A single-cell RNA-seq library was constructed according to the STRT-seq protocol with slight modifications.66 In brief, single cells were transferred to 96-well plates containing prepared cell lysis buffer by mouth pipetting. After cell lysis, mRNA from single cells was immediately reverse transcribed into cDNA with Superscript II Reverse Transcriptase (Thermo Fisher Scientific, 18064071), during which an 8 nt cell barcode and 8 nt unique molecular identifiers (UMIs) were added to the cDNA from each cell. Second-strand cDNAs were synthesized and subsequently preamplified using KAPA HiFi HotStart Ready Mix (KAPA Biosystems, KK2602). Then, the cDNAs were pooled together and purified. The products were then fragmented with a Covaris S2 ultrasonicator (Thermo Fisher Scientific), and the 3′ ends of cDNAs were enriched for library construction using a KAPA HyperPrep Kit (KAPA, KK8504) and sequenced on an Illumina HiSeq 4000 platform with 150-bp paired-end reads by Novogene.

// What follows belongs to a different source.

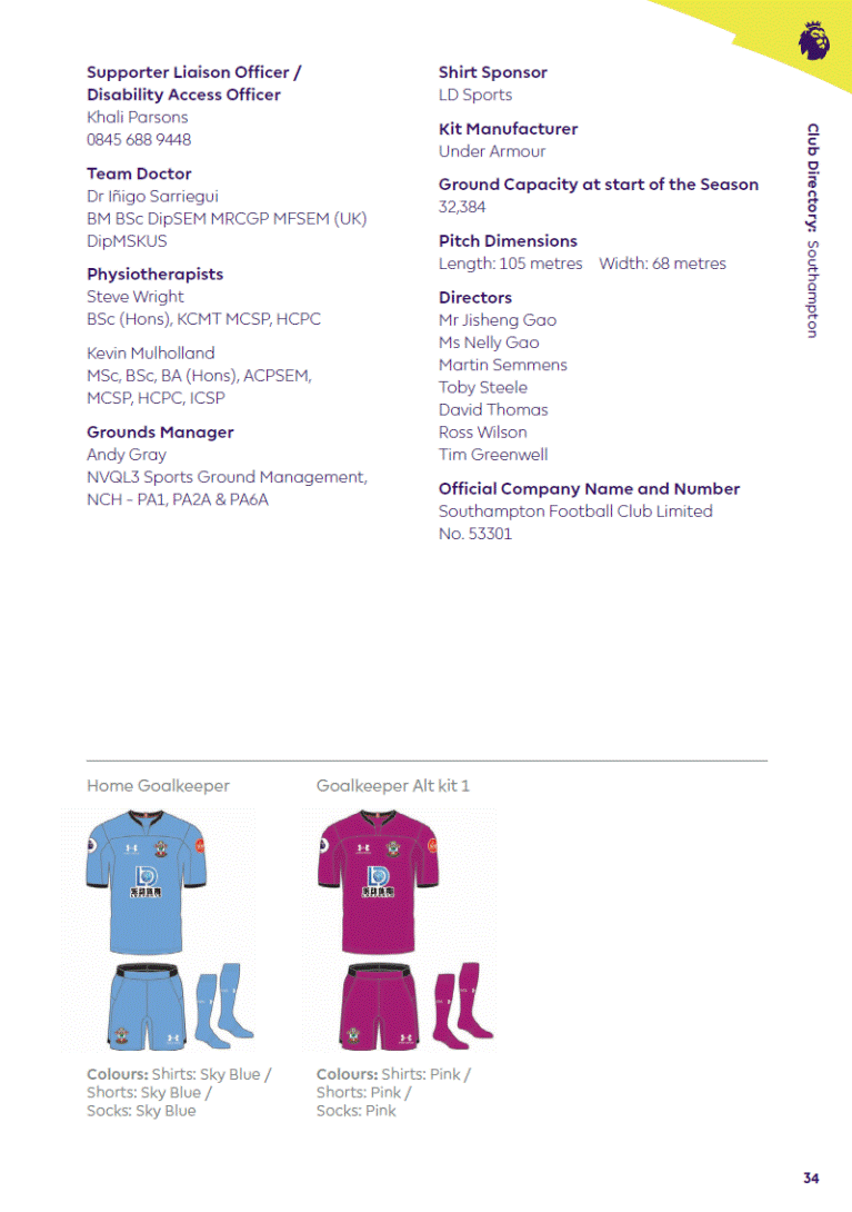 Supporter Liaison Officer / Disability Access Officer Khali Parsons 0845 688 9448 Shirt Sponsor LD Sports Kit Manufacturer Under Armour Team Doctor Dr Iñigo Sarriegui BM BSc DipSEM MRCGP MFSEM (UK) DipMSKUS Ground Capacity at start of the Season 32,384 Pitch Dimensions Length: 105 metres Width: 68 metres Directors Mr Jisheng Gao Ms Nelly Gao Martin Semmens Toby Steele David Thomas Ross Wilson Tim Greenwell Physiotherapists Steve Wright BSc (Hons), KCMT MCSP, HCPC Kevin Mulholland MSc, BSc, BA (Hons), ACPSEM, MCSP, HCPC, ICSP Grounds Manager Andy Gray NVQL3 Sports Ground Management, NCH - PA1, PA2A & PA6A Official Company Name and Number Southampton Football Club Limited No. 53301 Home Goalkeeper Goalkeeper Alt kit 1 Colours: Shirts: Sky Blue / Shorts: Sky Blue / Socks: Sky Blue Colours: Shirts: Pink / Shorts: Pink / Socks: Pink 34 Club Directory: Southampton

Statistics and reproducibility

No statistical method was used to predetermine sample sizes. Box plots were generated using the boxplot function of the ggplot2 R base package under default parameters. Violin plots, hybrid box plots and kernel density plots were generated using the ggplot2 R package to compare the distributions of different groups. The distribution shape of the data was estimated by kernel density estimation, where wider sections represent a higher probability that members of the population will take on the given value, and the skinnier sections represent a lower probability. Bar plots, which were generated by using the ggplot2 and ggpubr R packages, show the mean ± standard error of the mean, with individual data points displayed. Dot plots were generated by using ggplot2 to show gene expression in each categorical group (cell type). The dot size and color represent the fraction of cells expressing a given gene in each category and the average number of cells expressing the given gene within each category, respectively. Within each category, the normalized gene expression score is averaged only over cells expressing the given gene, where the gene is considered expressed if its normalized gene expression score is greater than zero. Comparisons between two groups were performed using unpaired two-tailed t-tests. One-way analysis of variance (ANOVA) with Tukey’s multiple comparisons test was used for multiple group comparisons. All statistical analyses and presentations were performed using R.